CUISINE: Sushi ADDRESS: 900 Oxford Street East DATE: December 23, 2013

One of the things I love most about Christmas Break is Homecoming: not the drunken debaucherous kind, the one that Western girls use as an excuse to wear underwear as pants.

I mean that thing where all your friends who have moved on to bigger places and better things come home to their parents, and are looking for a reason to get out.

In my case, I get the distinct privilege of seeing former students during holidays Seeing them as grown ups, living on their own and being successful is one of my FAVOURITE things.

Them seeing me having a glass of wine (or two, as the ladies do) is their favourite.

Truth be told,my students have been some of the biggest supporters of my blog. First of all, they think it’s hilarious that their old lady teacher is on TUMBLR (I keep trying to tell them that many hipster celebrities are OLDER THAN ME).  If I haven’t posted in a couple of weeks, I hear about it. My student Emily told me her mom reads it religiously.

One of my students even confronted me about my controversial Bungalow review (that place DESERVED half a star!), where he works as a dishwasher. Oops!

After yelling at me a bit, he did acquiesce that it was at least a little bit funny.

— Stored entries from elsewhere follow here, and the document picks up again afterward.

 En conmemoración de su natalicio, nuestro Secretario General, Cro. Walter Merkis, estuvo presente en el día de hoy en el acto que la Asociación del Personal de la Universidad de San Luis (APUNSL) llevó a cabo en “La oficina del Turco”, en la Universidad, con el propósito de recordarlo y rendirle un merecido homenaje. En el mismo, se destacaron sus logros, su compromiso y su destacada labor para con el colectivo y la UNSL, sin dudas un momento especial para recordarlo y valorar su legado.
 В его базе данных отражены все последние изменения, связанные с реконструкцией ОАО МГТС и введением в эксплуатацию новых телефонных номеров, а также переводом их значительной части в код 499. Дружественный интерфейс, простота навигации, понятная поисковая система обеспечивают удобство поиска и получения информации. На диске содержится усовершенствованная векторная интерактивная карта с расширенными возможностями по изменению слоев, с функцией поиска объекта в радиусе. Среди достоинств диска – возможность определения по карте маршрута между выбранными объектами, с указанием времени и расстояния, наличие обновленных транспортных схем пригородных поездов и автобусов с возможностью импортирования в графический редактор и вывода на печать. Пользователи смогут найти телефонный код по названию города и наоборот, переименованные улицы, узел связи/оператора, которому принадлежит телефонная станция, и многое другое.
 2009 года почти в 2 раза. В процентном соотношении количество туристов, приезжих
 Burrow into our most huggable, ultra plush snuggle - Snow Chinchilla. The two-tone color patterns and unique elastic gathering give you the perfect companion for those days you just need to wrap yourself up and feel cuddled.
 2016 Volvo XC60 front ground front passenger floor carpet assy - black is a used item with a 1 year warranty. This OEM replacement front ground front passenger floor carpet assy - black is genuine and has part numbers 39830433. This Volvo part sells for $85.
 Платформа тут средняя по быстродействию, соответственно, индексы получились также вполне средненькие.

So it was no surprise that one of my former students that I’ve remained close with, Erin, posted this back in October.image

A WORD ABOUT ERIN: Erin was in the Top 5 most organized, dependable, and fastidious students I’ve ever taught. In fact, she will probably debate her ranking only in the top five, demanding to know who is above her and recalling minutiae that will render the others obsolete.

At any rate, it was no surprise to receive a message from her at the beginning of break, requesting a date and time for our meeting. Also joining us would be another former student Katie. Katie and Erin were indispensable to our drama program while they were in high school: they volunteered with the musical in Grade 9, starred in the shows after that, and lead every group in drama class. Katie has been in commercials, and acts at her university. Erin still comes back and volunteers with costumes when she can.

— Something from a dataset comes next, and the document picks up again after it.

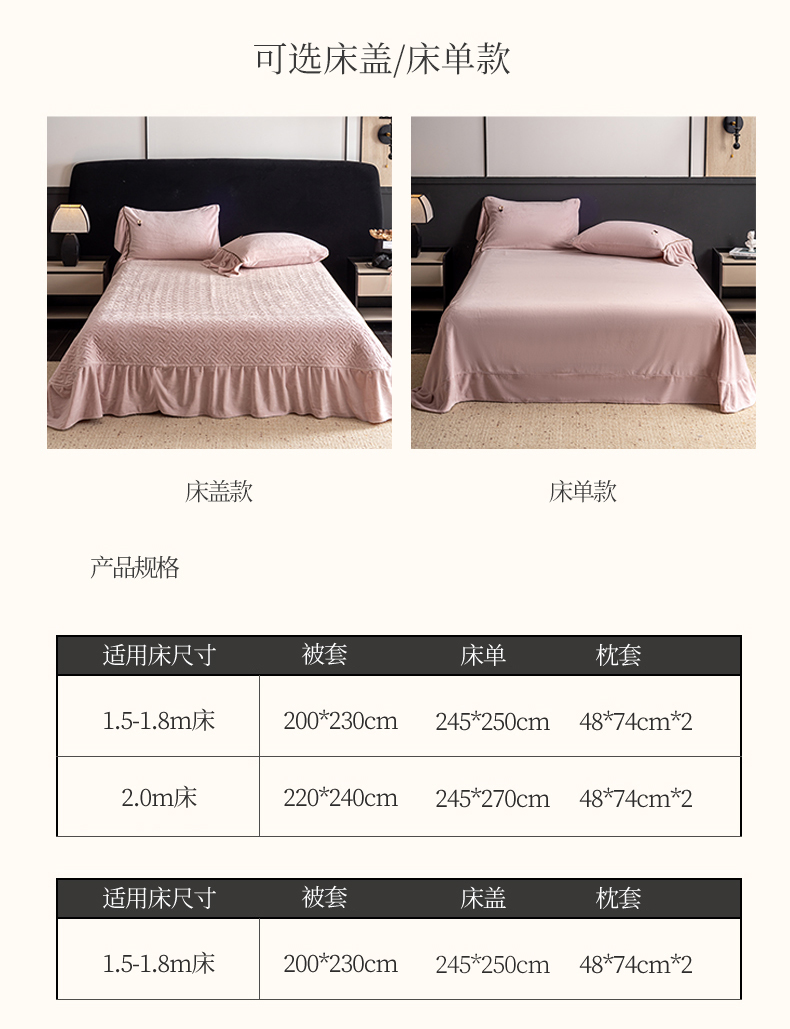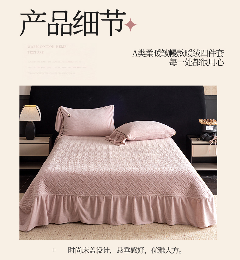 (总)罗优家纺 2025新款柔暖皱幔款暖绒四件套,浅粉,浅灰,浅蓝,浅杏
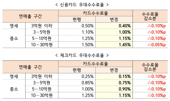 금융당국이 연매출 3억원 이하 가맹점의 카드수수료를 기존 0.5%에서 0.4%로 낮춰주기로 했다. 카드사 수익성 악화를 매출 감소에 따른 카드사 부담을 고려해 수수료율 재산정 주기는 3년에서 6년으로 늘린다.

ERIN: I don’t have to be back at school until Thursday. Can I have the keys to the costume room so I can sort everything?

And because people are around at the holidays, we ended up with a big group for the Hanata House. Blog-regular Andrew was home for break as well, and Tribe, in his third blog appearance, is usually up for dinner out.

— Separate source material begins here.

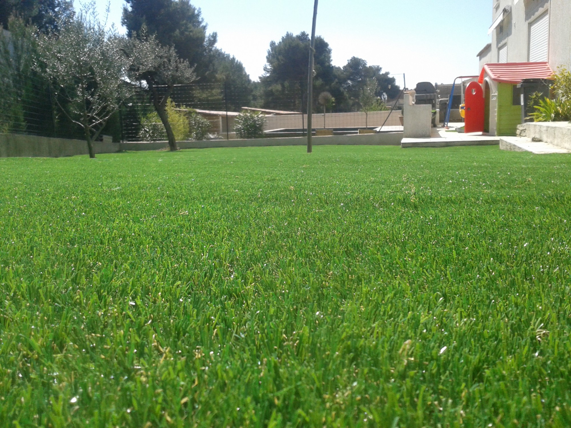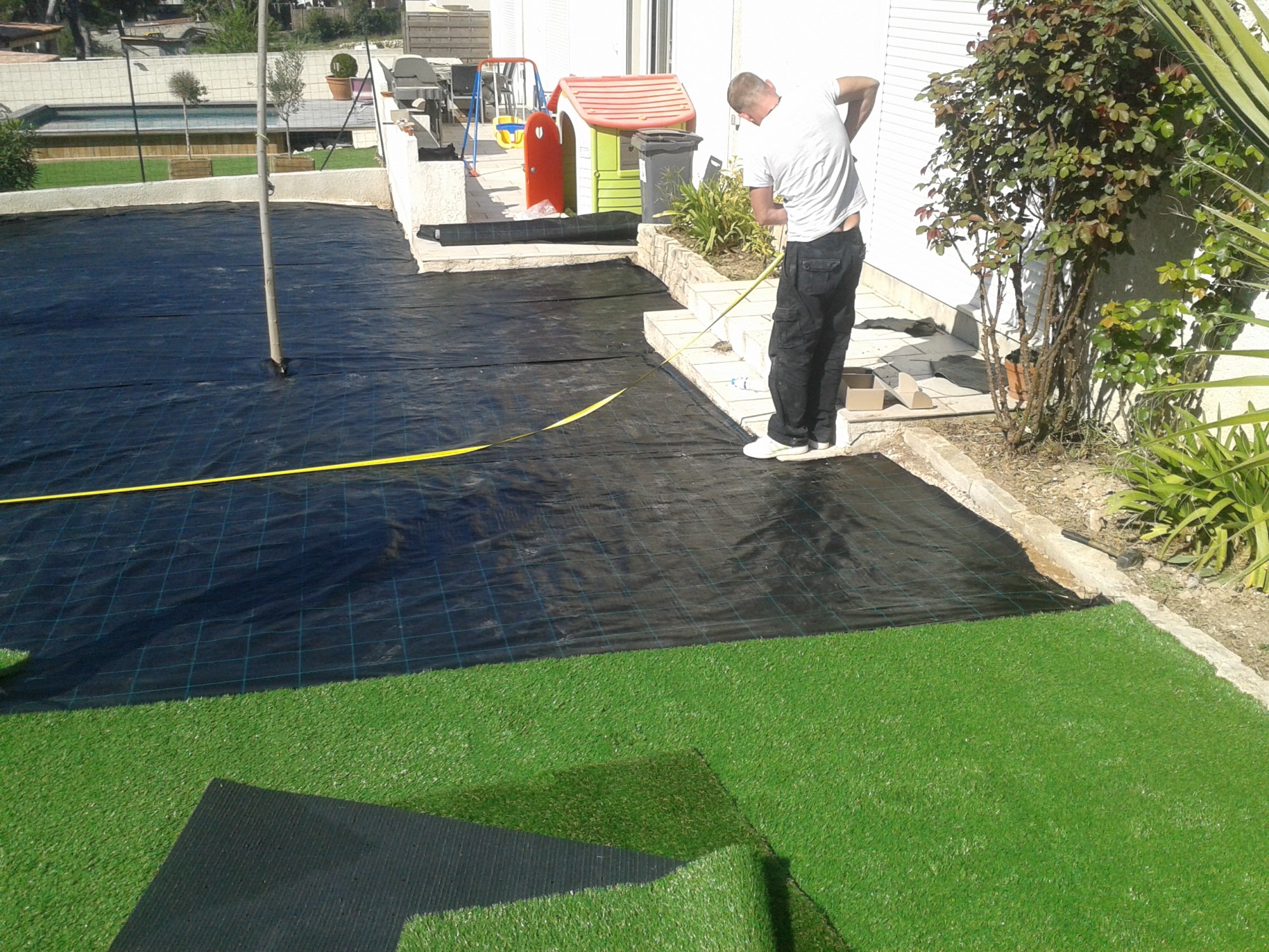 Notre équipe de poseur de gazon synthétique a installé 150 m² de gazon synthétique h grass 32 mm dans un jardin à Toulon.

Katie and Tribe, a blog up-and-comer.

And in a first time blog appearance, my baby, my friend in his 20s who looks 14, and perhaps the most foul-mouthed person I know, Colton.


Do I look like I could be filthy? I’m a BABY!

We got to the restaurant on a snowy Monday around 7. I had no clue where the Hanata House was, but it turns out that it’s in the Kelsey’s plaza on Gammage. Along with a Mr. Sub and a Little Caesars, it makes up quite a sad little plaza of everyone’s second choices.

Ian and I picked up Tribe and Colty downtown, and when we arrived  Katie was already holding down the fort for us. Andrew followed shortly after, but it was Erin who made the grandest splash with her entrance: carrying Katie’s pre-ordered 2014 calendar.

Erin runs the highest-ranked Quidditch team in Canada (of course). The University of Ottawa now has an A and B team of the made up Harry Potter sport (KATIE: It’s really hard! It’s hard when the brooms don’t fly!), and to facilitate all the national and international travel they have to do, they do a fundraising calendar.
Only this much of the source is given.